The penetration of intermittent renewable energies and the abandonment of stable fossil fuel-based energy sources pose several challenges: to balance energy generation and consumption; the correct voltage level regulation; and the maintenance of the energy power quality through harmonics reduction [
2]. In this context, Battery-based Energy Storage Systems (BESSs) play a key role, mainly thanks to their ability to improve the grid’s flexibility and reliability through many ancillary services [
2,
3]. Through a detailed literature review, Balducci et al. (2018) [
4] present a taxonomy on the most advantageous applications of BESSs. The categories mentioned are: raw energy regulation (peak shaving and energy arbitrage techniques), ancillary services provision (frequency and voltage regulation, among others), transmission and distribution applications (grid decongestion and consumption deferral) and users’ services (demand reduction and backup energy).
Energy arbitrage, also called energy time-shifting, is a technique that consists in decoupling the energy consumption from energy generation, by changing the energy consumption time period of a given power source. That is, to store energy for a certain period to consume it at another time. Despite the simplicity of the concept, time-shift requires BESSs with specific technical characteristics and great operational complexity.
The most popular time-shift application consists of buying and storing electrical energy in periods when prices are lower, to use or sell this energy when costs are high. This application allows reducing operating costs and increasing the return periods of energy investments. It also creates new opportunities to develop business models based on BESSs. Miai et al. [
5] develop a multi-objective BESS optimization for energy arbitrage and frequency regulation, with the purpose to maximize economic benefits. The work is applied in real-time markets and considers BESS cell degradation. Cha et al. [
6] perform an optimization scheduling analysis considering grid-connected BESSs installed in the Korean transmission system with the purpose to discuss new economic profitability schemes.

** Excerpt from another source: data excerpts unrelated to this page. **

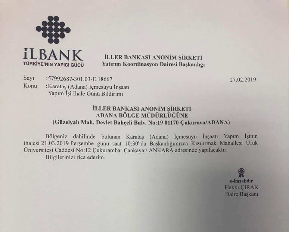 “Karataş’ımız için önemli bir proje Cumhurbaşkanımız Sayın Recep Tayyip Erdoğan himayelerinde İlbank desteğiyle gerçekleşiyor. SUKAP projesi kapsamında gerçekleştirilen; projesi tamamlanıp ihalesi 21.03.2019 tarihinde yapılan bir projedir.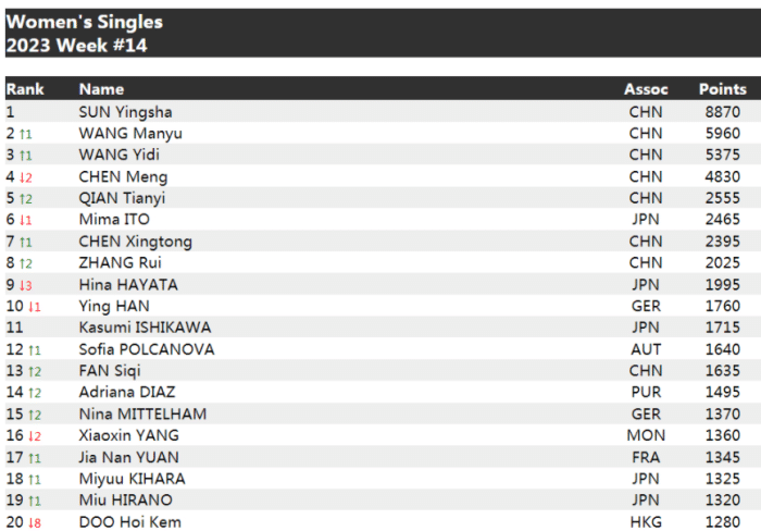 24直播网04月04日讯 国际乒联公布了2023年第14周的排名,因为此前奥运积分清零的原因,所以排名有很大的变化,比如男单的马龙从第二下滑到第四,王楚钦和张本智和的排名提升。女单的变化也非常大,王曼昱升至第二,王艺迪升至第三,钱天一升至第五,排名下滑的是陈梦,她从上一期的第二名来到本周之后排名跌至第四。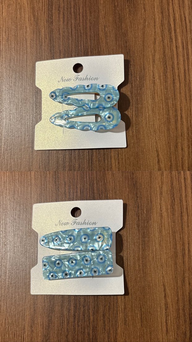 Plastik malzemeden yapılmış, boncuklu mavi saç tokası seti. Pastel tonlarda, bohem ve vintage tarzda tasarlanmıştır. Kart üzerinde "Fashion" yazısı bulunur.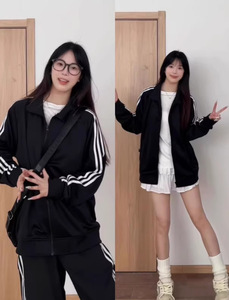 黑色【三条杠 胸前无拉链】 (优质面料)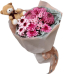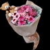 Букет из хризантем разных сортов в розовых тонах, с добавлением мягкой игрушки.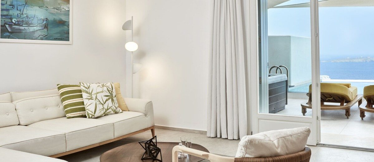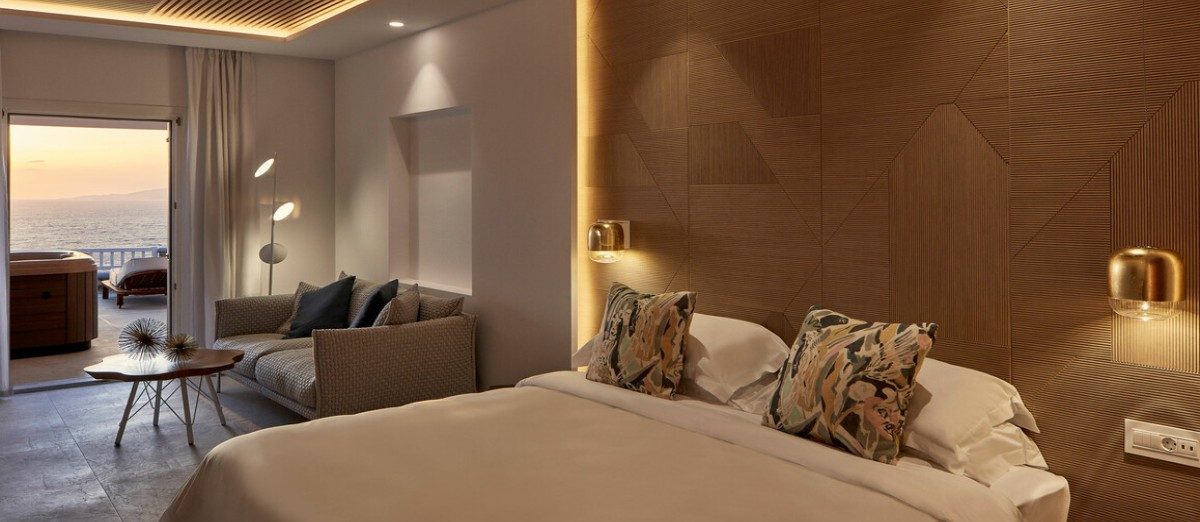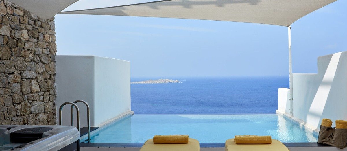 This privileged spot that claims the island’s most iconic views onto the old port of Alefkandra and 16th-century windmills on the edge of the city of Mykonos, also happens to be the site of the first hotel built by George Daktylides in 1979. Inherited and renovated by his youngest son, the Korali exudes the essence of boutique luxury that draws both on the spirit of its past as the family’s first guesthouse, and the celebrated service excellence of the Myconian Collection. Entirely sea-facing, the Korali is the perfect lookout from which to let the hours wash away and be dazzled by the spectacle of the deep blue Aegean Sea. The panoramic terrace invites to sunset drinks that lead into sumptuous dinners prepared with care by the chef from locally sourced produce and the day’s catch.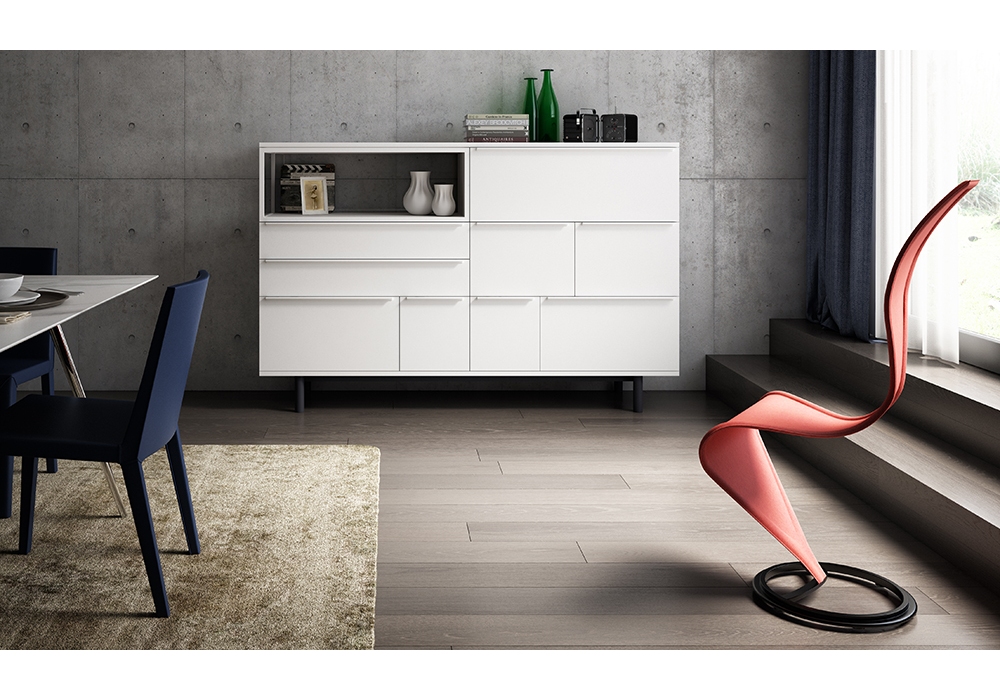 Easy diseñado por Cappellini es un mueble alto con puertas, cajones o aberturas que se caracterizan por extrema ligereza visual. Los tableros pueden ser con acabado lacado o en madera y mármol. También disponible en diferentes modelos.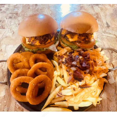 2 Hambúrgueres: Pão de Brioche, Hambúrguer de Costela de 130g, Queijo Cheddar, Bacon em tiras, Alface Americana e Tomates. Acompanha Onion Rings, 400g de Batata Fritas com Cheddar e Bacon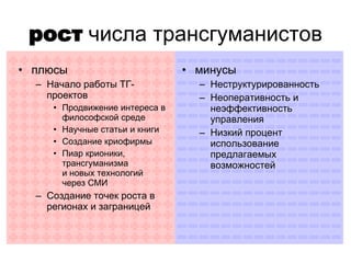 Документ обсуждает ход реформы трансгуманизма и крионики, акцентируя внимание на прогрессе в области создания организаций и проектов, а также на необходимых регистрациях и членствах. Он выделяет плюсы, такие как рост интереса и создание новых проектов, и минусы, включая неструктурированность управления и низкое вовлечение. Основное внимание уделяется необходимости создания структурированной организации и активных действий членов.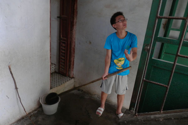 来到基地的第四天,就传来二楼的厕所堵塞的消息,谢怀安赶到现场,楼梯口早是污秽满地。在校长夫人的指导下,怀安提着小水桶和铲子,在四个男同胞的陪同下开始了挑粪工作。挑了数十桶后仍不见效,校长夫人提出改用拖把直接深入吸取的建议,还戏言要小心点可能会溅到脸上。强掩内心的恐惧,怀安索性赤膊上阵,并强力阻止笔者进行拍摄。回忆起当天的情形,他不停地说:“唯一的感受就是好恶心啊。我今天洗了三次澡,每次都用不同的沐浴露,所以大家可以放心。”看到他的洒脱,我们不由得惊叹眼前这个二十出头的小伙子内心埋藏的强大小宇宙。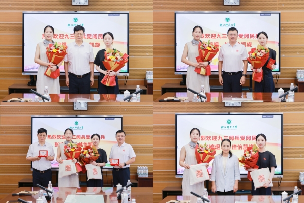 校领导向两位同学赠送鲜花和浙师70周年专属纪念品等,表达由衷祝贺与关怀。张婉煜、杜佳怡也将珍贵的中国人民抗日战争暨世界反法西斯战争胜利80周年纪念章回赠学校,让这份国家荣光永久珍藏于浙师校园,激励后人。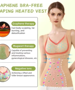 The Graphene Bra-Free Shaping Heated Vest utilizes massage properties and ion release to stimulate collagen production. This process helps tighten and lift sagging or deformed breasts, making loose skin and excess fat disappear.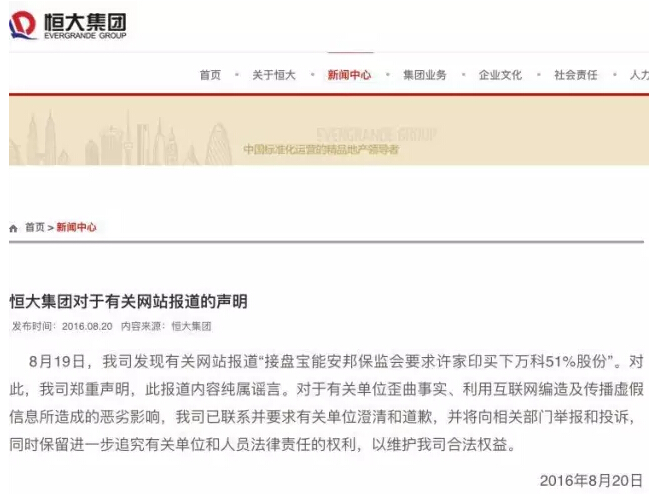 8月19日,我司发现有关网站报道“接盘宝能安邦保监会要求许家印买下万科51%股份”。对此,我司郑重声明,此报道内容纯属谣言。对于有关单位歪曲事实、利用互联网编造及传播虚假信息所造成的恶劣影响,我司已联系并要求有关单位澄清和道歉,并将向相关部门举报和投诉,同时保留进一步追究有关单位和人员法律责任的权利,以维护我司合法权益。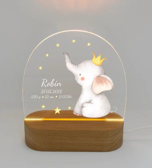 Personalisiertes Baby & Kinder LED Nachtlicht Elefant mit Geburtsdaten Geburtsgeschenk & Taufgeschenk Junge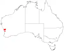 This darwinia is only known to occur in a small area near Coorow where it grows around salt lakes in woodland or shrubland.[3]
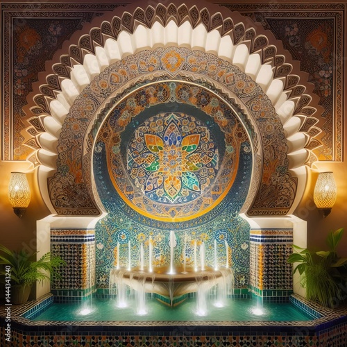 © Andrei, Obraz premium Moroccan zellige tile fountain pulses colored light synced to si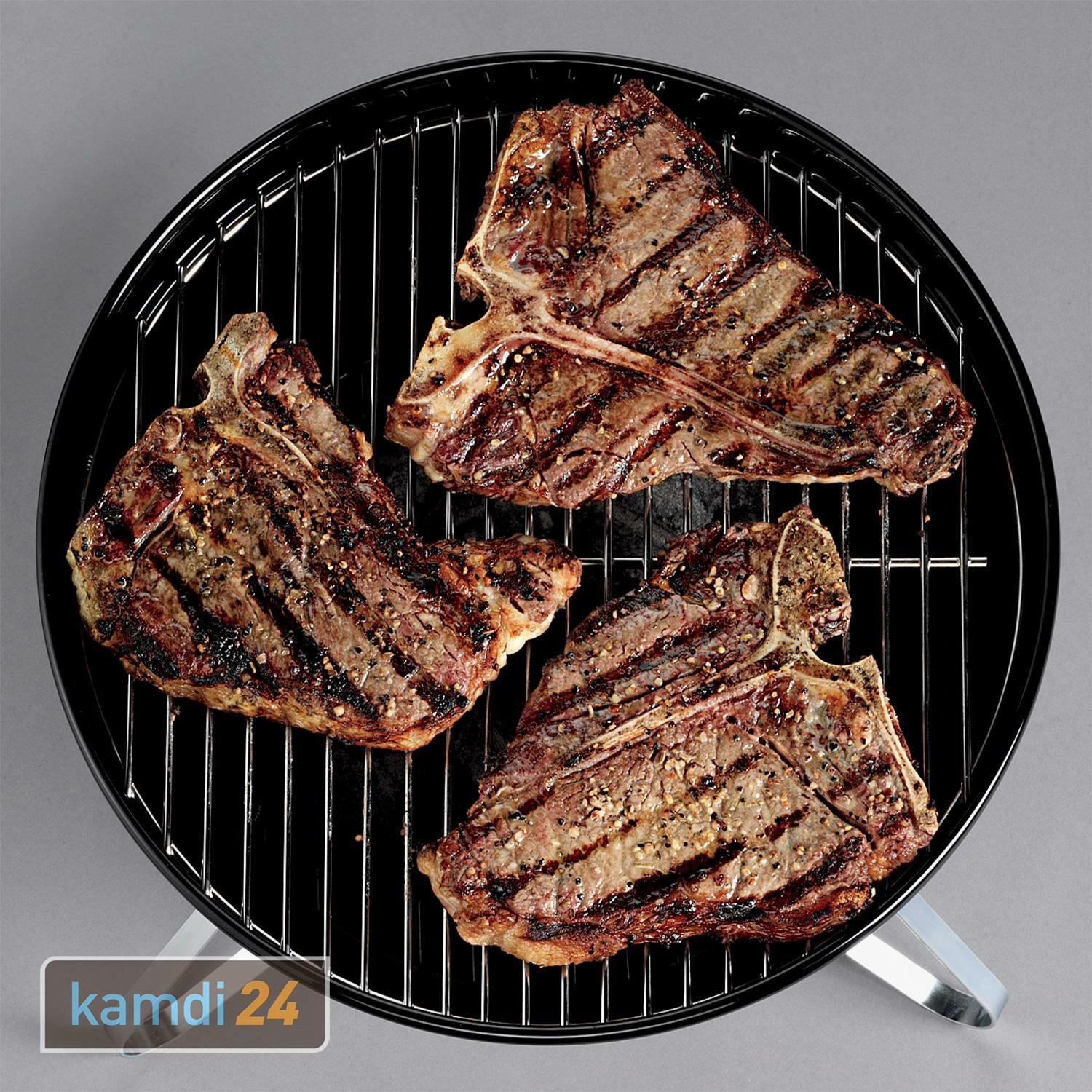 Der stabile Grillrost besteht aus beschichtetem Stahl. Dieser speichert die Hitze optimal und gibt sie gleichmäßig an das Grillgut ab.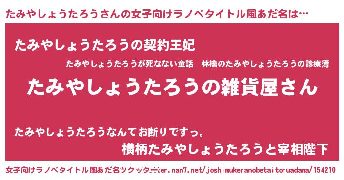 | 意味不明あだ名 | 『たみやしょうたろうフォーエバー』 |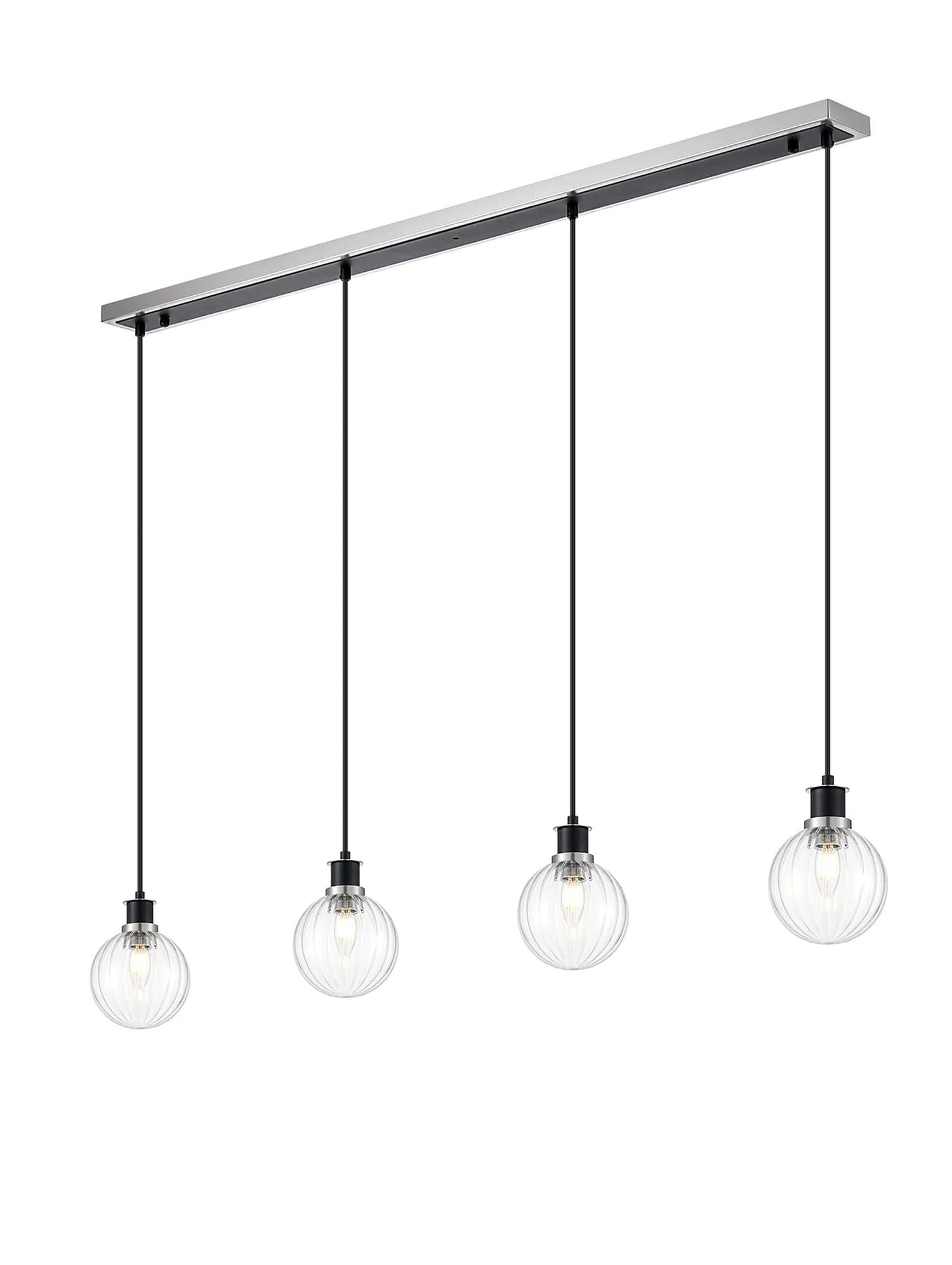 Stevens 1.3m Linear Pendant, 4 x E14 With 15cm Round Segment Glass Shade, Satin Nickel, Clear & Satin Black

Renewable Energy (RE) time-shift is also a technique under discussion in the academic world. In this case, the energy stored is produced by a renewable source. This alternative enables improvement in the system flexibility by mitigating the uncertainties caused by intermittent generation [
7]. Fan et al. [
8] discuss BESS sizing and coordination strategies to avoid wind energy curtailment and optimize the net present value of the energy produced. Depth of discharge and time-shift strategies are discussed. In the same line, Ponnaganti et al. [
9] evaluate the potential economic benefit of introducing BESS-based management strategies in wind farms. The authors analyze flexible charging–discharging strategies together with the forecast of energy prices in the daily electricity markets. They compare the profitability of electrochemical batteries and thermal accumulators.
A BESS can provide a wide set of benefits depending on its application location and on its technical characteristics (round trip efficiency, capacity) [
4,
6]. Hassan et al. [
10] discuss energy scheduling optimization for smart grid application through an energy management system. Their purpose is to reduce residential electricity cost by reducing energy consumption and shifting loads during peak hours. Abdeltawab and Mohamed [
11] expose a multi-agent energy trading model based on renewable energies and a BESS in a microgrid context. Balducci et al. (2018) [
4] quantify the economic benefits of the different BESS applications. More specifically, they quantify the energy arbitrage’s value considering the savings generated by the difference in prices at peak and off-peak hours and considering the BESS technical characteristics.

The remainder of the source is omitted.